Аня кивнула, Ева рассмеялась немного смущенно, сказала:
– Аня, мы должны как-нибудь покормить тебя, а то ты совсем усохнешь. Хотя бы теплой воды с молоком, как ты думаешь?
– Попробуем, – ответила Аня.
Лета поспешила за горшком с медом; маленькими порциями, капля за каплей они влили в нее сладкий напиток. Это заняло много времени. Ане удалось удержать напиток в себе, и Ева решила в дальнейшем смешивать его с валерианой, успокаивающей и дающей сон.
А капли опиума пригодятся на более трудные времена.
"И опять мне придется встретиться со смертью, – думала Ева в тот вечер. – Теперь я никогда больше не буду бояться момента, когда она придет за мной, не внезапно и против всякого разума, как за моими детьми, умершими неожиданно и непредвиденно. А за мной сюда, в пещеру, однажды придет эта незнакомка, но я не боюсь ее. Мне печально, но не страшно".
На рассвете следующего дня, пока старая женщина еще спала под воздействием опиума, она шепотом спросила Лету:
– Ты боишься, девочка?
– Нет. – Лета покачала головой. – Я всегда знала, что смерть однажды придет к каждому из нас. Я видела, как многие умирали.
Ева поразилась: как она умна, как не похожа на других.
Лета прошептала:
– Но мне ее жаль, я хотела бы, чтобы она еще пожила. Увидела бы моего сына. Это так много для нее значило бы.
– Что ты имеешь в виду?
– У мамы не было сына, только три дочери. Из-за этого она вынесла немало презрения. Хотя она и первая жена Эмера, но никогда не пользовалась истинным уважением: ей всегда приходилось выхаживать детей других жен и прислуживать тем, кто рожал сыновей.
Лета заплакала, голос ее повысился.
– Я мечтала приехать однажды на стойбище с сыном и положить его на руки отцу и тем самым вернуть маме уважение.
Во сне Аня беспокойно задвигалась. Ева обняла девочку, стала утешать, разделяя ее горе, но сама почувствовала ту же боль и разозлилась: проклятие, какие глупости.
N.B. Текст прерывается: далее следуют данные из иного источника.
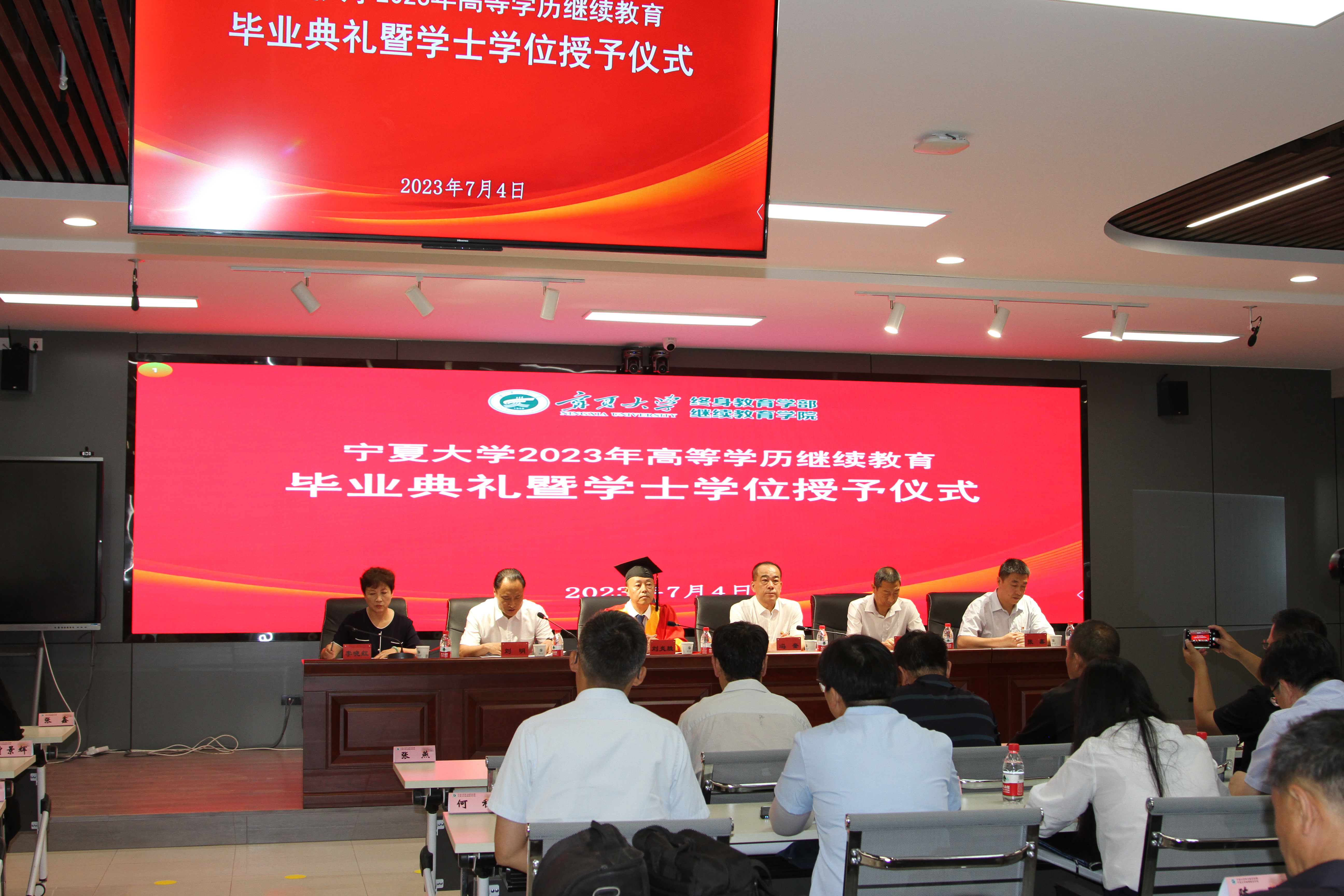 冯奎宣读《关于授予刘小玲等81人高等学历继续教育本科毕业生学士学位的决定》。刘炎胜为获得学士学位的员工颁发学士学位证书。

Лете передалось настроение свекрови, и она тоже, встретив ее взгляд, разозлилась: все это глупости. Здесь, у Каина и Евы, взгляды совсем другие, здесь уважаема и та, что родила дочь. Каин почитает лишь одного человека: свою мать. И когда Лета говорила с ним о сыне, которого собиралась родить, он рассмеялся и сказал: "Лучше девочку, как ты".
Лета смотрела на тонкое лицо матери, шептала:
– Было бы легче перенести скорбь, если бы я знала, что она была счастлива.
Ева продолжала держать Лету в своих объятиях.
– Важно не счастье, теперь ты это знаешь. Важно отвечать самому за себя.
Еве казалось, что сказала она самоочевидное, но слова эти действительно принесли утешение. Девочка кивнула, выпрямилась.
– Маме не в чем раскаиваться, – сказала она. – У нее хватало и времени, и забот, и песен, и сказок для всех на стойбище.
Но мысленно Ева была уже где-то далеко, ощупью и с удивлением она блуждала вокруг нового для себя открытия: у девочки нет страха перед смертью. А что думала она сама еще вчера вечером: нет, не боялась, только печалилась.
И вдруг нашла взаимосвязь: нет страха там, где есть скорбь. Страх и любовь несовместимы. Они исключают друг друга.
Неужели это правда? Неужели, когда любишь, ничего не боишься, даже смерти?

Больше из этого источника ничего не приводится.